> **TASK STATEMENT**
Instruction for the entries below: return the part that opens with the line containing "Let’s explore how" and closes with the line containing "This is a British", exactly, and no pictures.

> **GIVEN DATA**
____

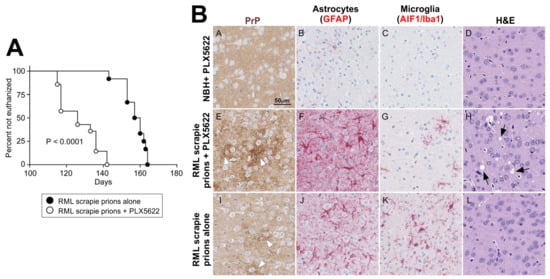 Accelerated CNS prion disease in the absence of microglia. (A) Survival curve shows enhanced onset of clinical prion disease in mice treated with the CSF1R-targeting kinase inhibitor PLX5622. (B) Immunohistochemical analysis shows increased PrP accumulation (brown), reduced abundance of microglia (AIF1/Iba1+ cells, red), increased reactive astrocyte activation (GFAP+ cells, red) and prion-specific vacuolation (arrows, H&E panel) in PLX5622-treated mice at 100 days after IC injection with RML prions. Adapted with permission from the American Society for Microbiology from [] (J. Virol. 2018;92:e00549-18, https://doi.org/10.1128/JVI.00549-18).
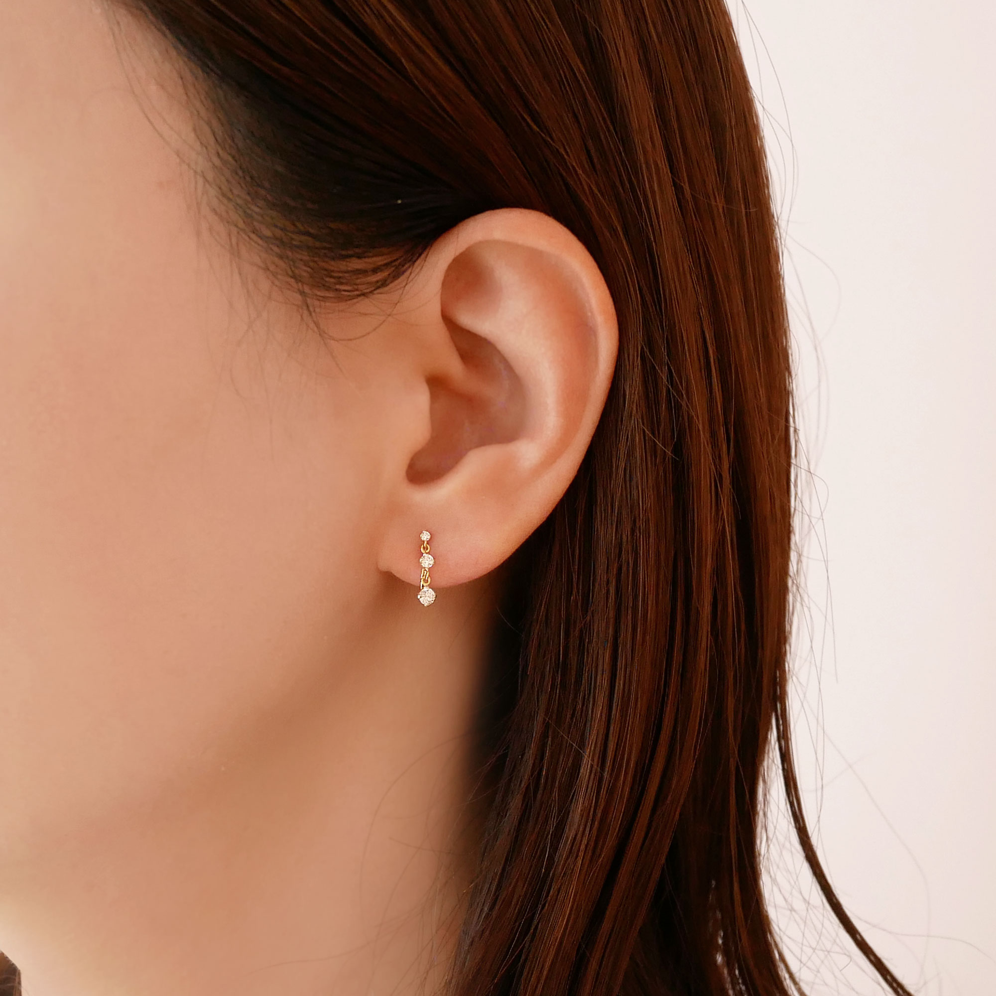 小さなストーンが3つ並んだフェミニンなイヤリング。一番小さなストーンがダイヤモンド、後には2つのキュービックジルコニア連なります。一見ピアスに間違えるほど、とっても華奢なデザインが高ポイント!
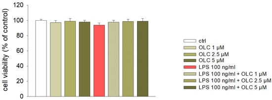To exclude any cytotoxic effect of OLC on THP-1-derived macrophages and to establish its non-lethal concentrations, preliminary experiments were performed using the 1-(4,5-dimethylthiazol-2-yl)-3,5-diphenylformazan (MTT) test. The results of this assay shown that pre-treatment of THP-1-derived macrophages with different concentrations of OLC (1–50 µM) for 30 min prior the exposure to LPS for 24 h did not hamper cell viability up to 5 µM (Figure 1) in presence or absence of LPS. However, cell viability significantly decreased from 10 to 50 μM (data not shown). These results indicate that OLC is non-toxic up to 5 µM, and hence, these concentrations were used for further experiments.
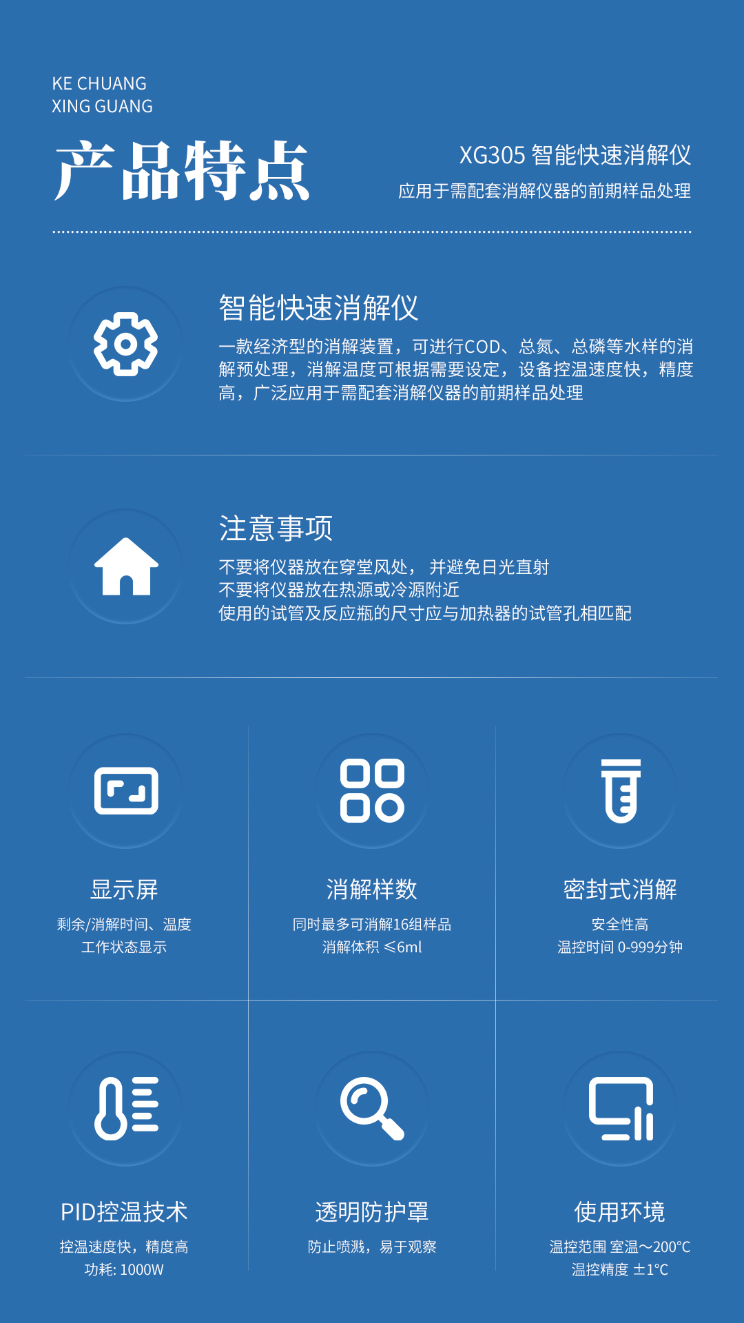 XG305 智能快速消解仪 是一款经济型的消解装置,可进行COD、总氮、总磷等水样的消解预处理,消解温度可根据需要设定,设备控温速度快,精度高,广泛应用于需配套消解仪器的前期样品处理。
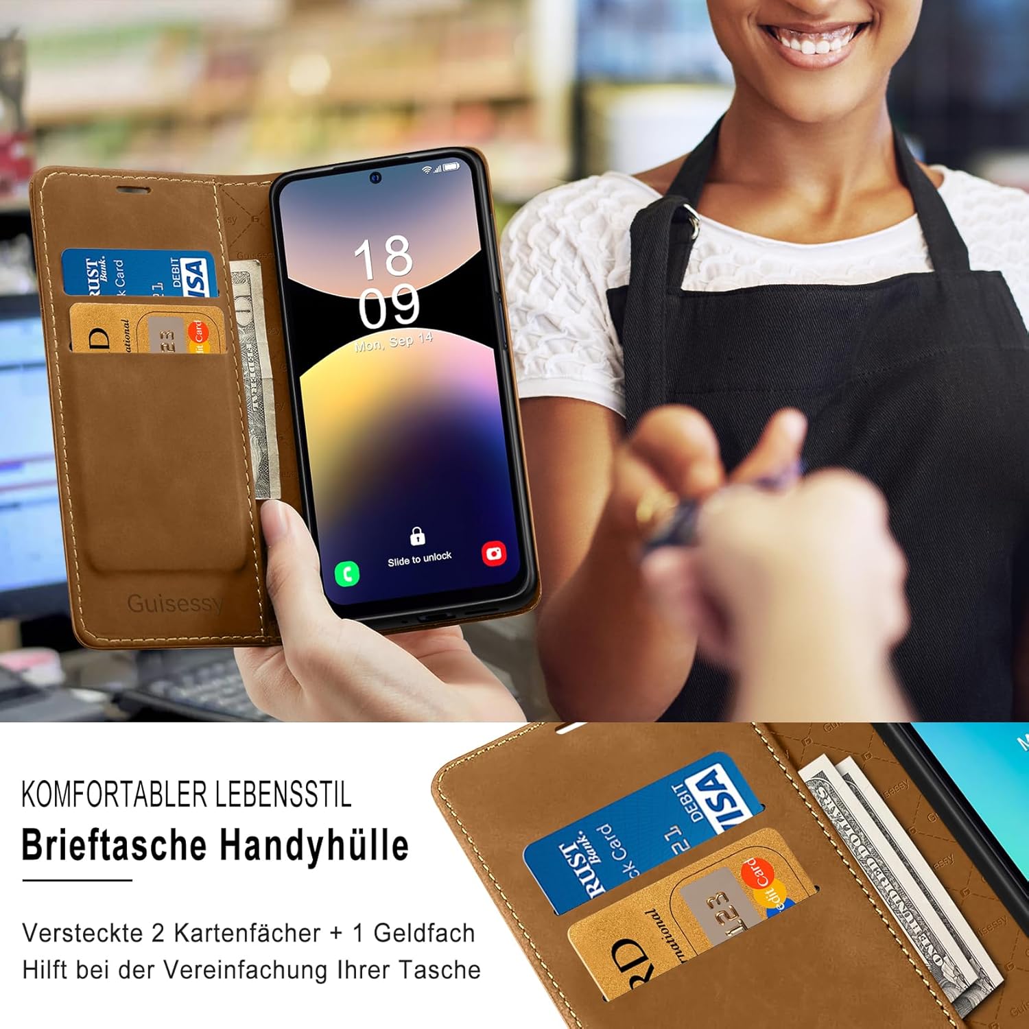 • Вградено магнитно закопчаване: Калъфът за мобилен телефон Guisessy за Samsung Galaxy S25 FE има вградено магнитно закопчаване, може лесно да се отваря и затваря, прави използването на телефона по-лесно и удобно. Вграденото силно магнитно закопчаване подобрява магнитната връзка, предпазва телефона ви, когато не се използва, като ефективно предотвратява случайно отваряне на калъфа.
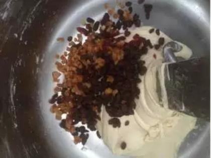 5.搅拌到面筋形成,加入奶油,先慢速,再快速,等油脂完全被吸收,加入腌制好的果料,慢速拌匀。
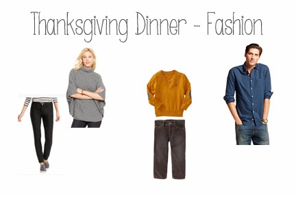 This year we will be spending Thanksgiving with Chris' family. We want to look nice, but since eating a lot of food is involved, we also want to be comfortable! For myself, I like the idea of some stretchy pants and loose sweater, such as a poncho. For Chris, I know he will stick with his normal button down shirt and some jeans or khakis. For Noah, I think it would be classic Fall/Thanksgiving for him to wear a rich golden sweater with some dark grey cords!
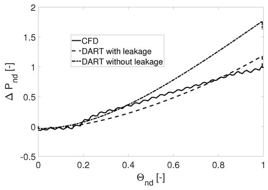 A comparison between the performance obtained with DART and with the CFD campaign introduced in Section 2.1 is here reported. In Table 2, the data obtained from DART with the leakage option switched on and off are compared with CFD data. Variables were reduced to non-dimensional values with reference to the non-dimensional Δ p value obtained using CFD for the case with a non-dimensional axial clearance equal to 0 . 0177 .
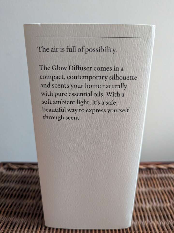 The Glow Diffuser from Vitruvi lights up, creating soft ambience while scenting your home naturally with 100% pure essential oils. The entire body lights up, giving off a soft glow, and also has two time settings (4-hour continuous and 8-hour intermittent) to scent your space on your schedule.
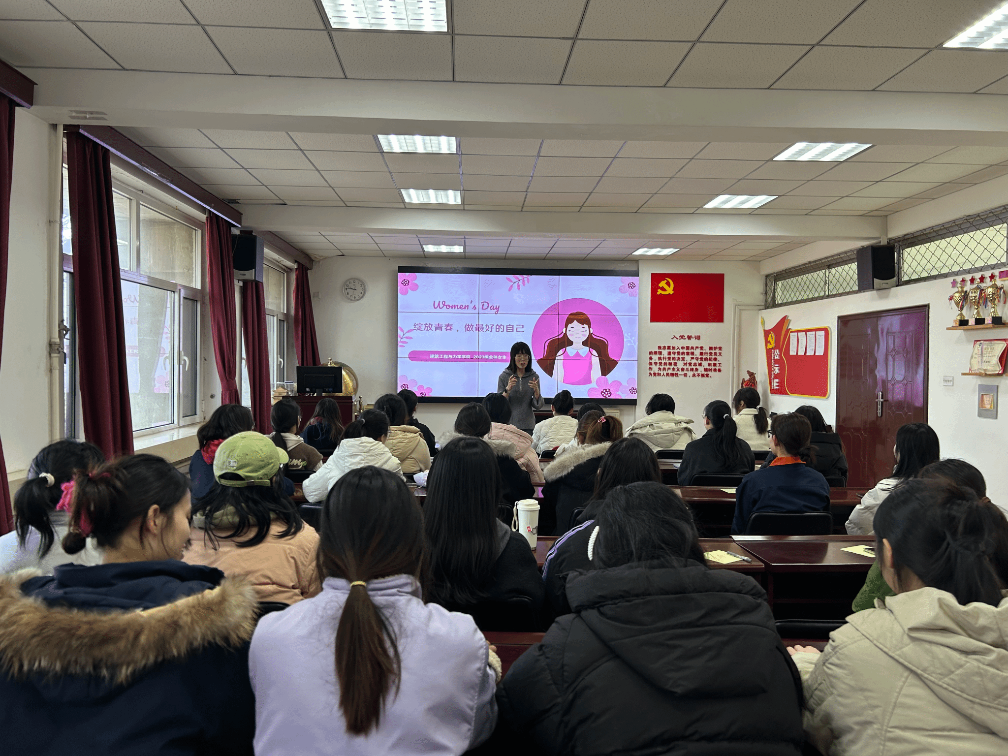 2023级在建筑馆211室举办了以“绽放青春,做最好的自己”为主题的职业生涯规划教育活动。辅导员张娟娟老师以及2023级本科35名女生参与此次活动。
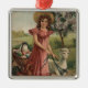 Girl Walking Lamb, Chick, and Rooster Metal Ornament
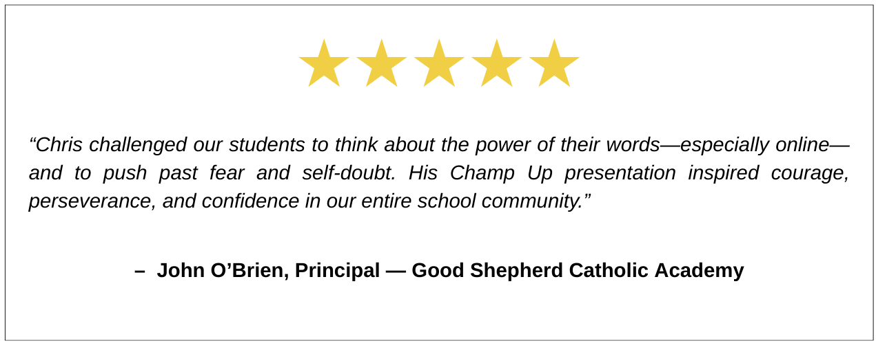 Let’s explore how Chris can bring the Champ Up mindset to your students, athletes, or leadership programs.
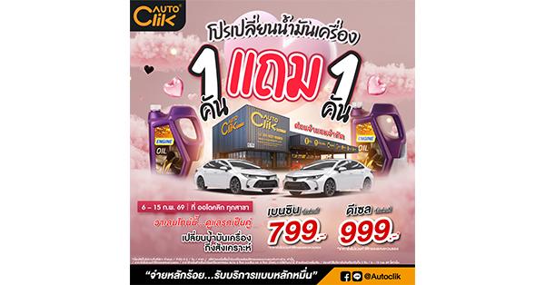 มิติหุ้น – กรุงเทพฯ – ออโตคลิก (Autoclik) ศูนย์บริการรถยนต์ Fastfit จัดโปรสุดเลิฟต้อนรับวาเลนไทน์ กับโปรโมชั่นเปลี่ยนน้ำมันเครื่อง 1 คัน แถมเปลี่ยนฟรี อีก 1คัน ตั้งแต่วันที่ 6 – 15 กุมภาพันธ์ 2569 ณ ออโตคลิก ทุกสาขาทั่วประเทศ (ด่วนจำนวนจำกัด)
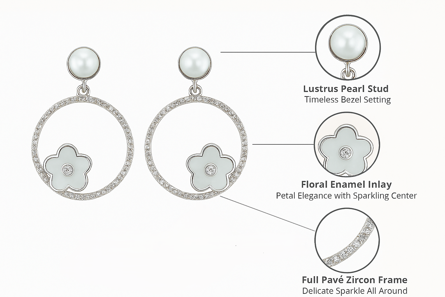 Elegant yet playful, these hoop earrings feature a luminous pearl stud top and a delicate floral charm in soft white enamel, set within a halo of sparkling CZ stones. Crafted from hallmarked 925 sterling silver, they blend minimal elegance with intricate detailing.
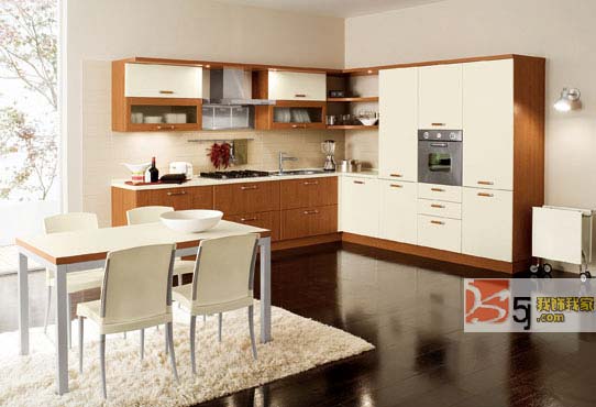 所謂“通透”,是指廚房與餐廳合并。這種情況就餐時上菜快速簡便,能充分利用空間,較為實用。只是需要注意,不能使廚房的烹飪活動受到干擾,也不能破壞進餐的氣氛。所以要盡量使廚房和餐廳有自然的隔斷或使餐桌布置遠離廚具,餐桌上方的照明燈具應該突出一種隱形的分隔感。
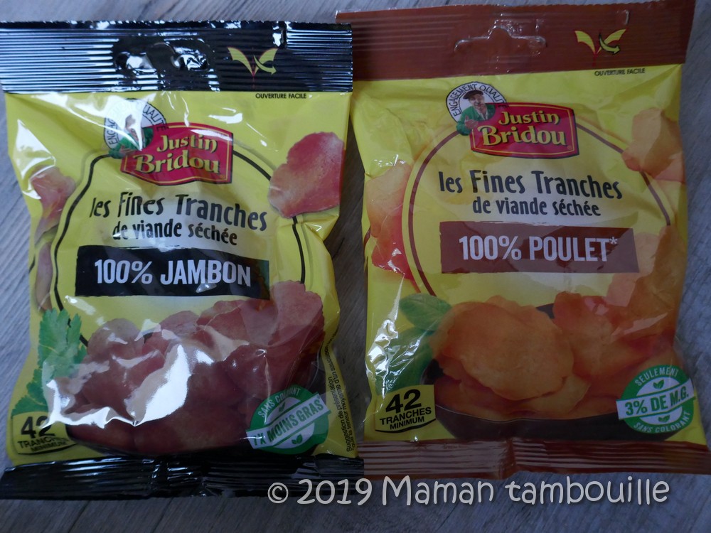 - des fines tranches de viande séchée (jambon et poulet) Justin Bridou. Prix: 2€29 le paquet
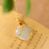 Original Ancient Gold Craft Inlaid Natural Hetian Jade Geometric Necklace Pendant Chinese Style Elegant Ladies Jewelry
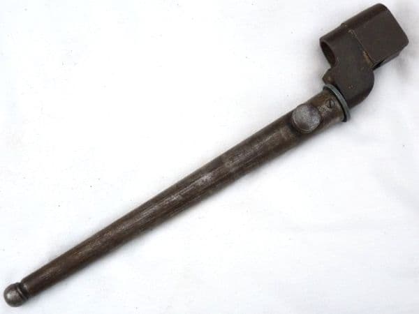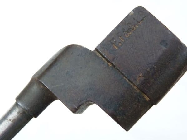 This is a British made spike bayonet for fitment to the Lee-Enfield rifle no4 and all it's marks. Rather gruesomely known as the 'pig-sticker', this bayonet is marked No4 MKII* P.S&S.Ltd (for Prince-Smith & Stells of Keighly, Yorkshire) faintly on the left side, and more boldly F.F&S.Ltd for Fred Fisher & Sons, on the right side, who were contracted to forge the bayonet socket. Also broadarrow marked. It is a variant of the Mk2, designated MK2* , the '*' suffix denoting a two piece construction with separate blade rather than one piece, to assist in speed of manufacture. Excellent blade and point, though minor marks from damp, good undented scabbard.
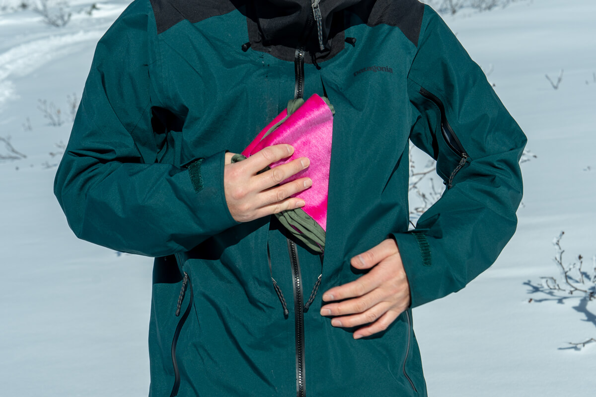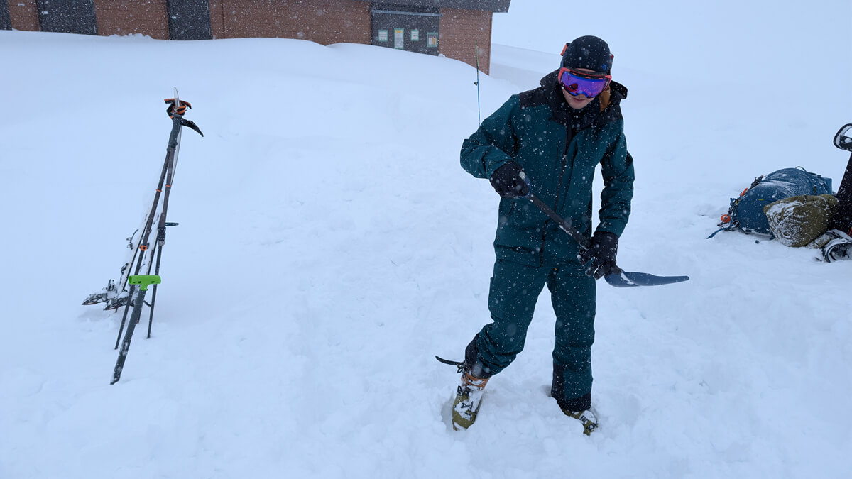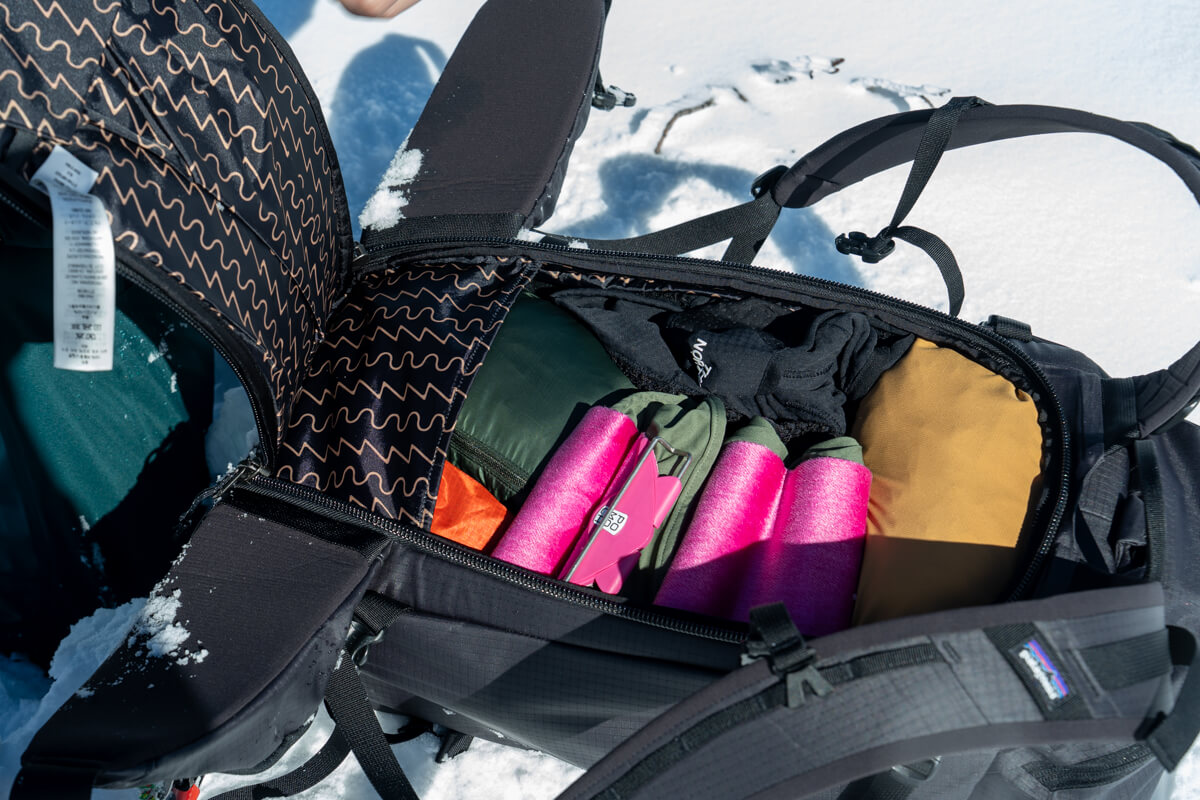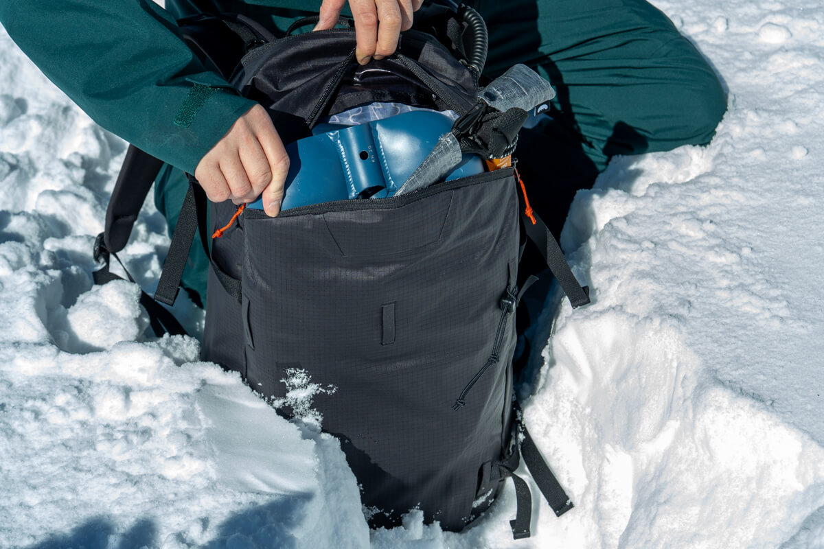 The pockets for storing avalanche gear such as snow shovels and probes are also spacious and easy to access, so you can safely store large shovels and other gear together (see photo below).

____

> **TASK SOLUTION**
 Let’s explore how Chris can bring the Champ Up mindset to your students, athletes, or leadership programs.
 มิติหุ้น – กรุงเทพฯ – ออโตคลิก (Autoclik) ศูนย์บริการรถยนต์ Fastfit จัดโปรสุดเลิฟต้อนรับวาเลนไทน์ กับโปรโมชั่นเปลี่ยนน้ำมันเครื่อง 1 คัน แถมเปลี่ยนฟรี อีก 1คัน ตั้งแต่วันที่ 6 – 15 กุมภาพันธ์ 2569 ณ ออโตคลิก ทุกสาขาทั่วประเทศ (ด่วนจำนวนจำกัด)
 Elegant yet playful, these hoop earrings feature a luminous pearl stud top and a delicate floral charm in soft white enamel, set within a halo of sparkling CZ stones. Crafted from hallmarked 925 sterling silver, they blend minimal elegance with intricate detailing.
 所謂“通透”,是指廚房與餐廳合并。這種情況就餐時上菜快速簡便,能充分利用空間,較為實用。只是需要注意,不能使廚房的烹飪活動受到干擾,也不能破壞進餐的氣氛。所以要盡量使廚房和餐廳有自然的隔斷或使餐桌布置遠離廚具,餐桌上方的照明燈具應該突出一種隱形的分隔感。
 - des fines tranches de viande séchée (jambon et poulet) Justin Bridou. Prix: 2€29 le paquet
 Original Ancient Gold Craft Inlaid Natural Hetian Jade Geometric Necklace Pendant Chinese Style Elegant Ladies Jewelry
 This is a British made spike bayonet for fitment to the Lee-Enfield rifle no4 and all it's marks. Rather gruesomely known as the 'pig-sticker', this bayonet is marked No4 MKII* P.S&S.Ltd (for Prince-Smith & Stells of Keighly, Yorkshire) faintly on the left side, and more boldly F.F&S.Ltd for Fred Fisher & Sons, on the right side, who were contracted to forge the bayonet socket. Also broadarrow marked. It is a variant of the Mk2, designated MK2* , the '*' suffix denoting a two piece construction with separate blade rather than one piece, to assist in speed of manufacture. Excellent blade and point, though minor marks from damp, good undented scabbard.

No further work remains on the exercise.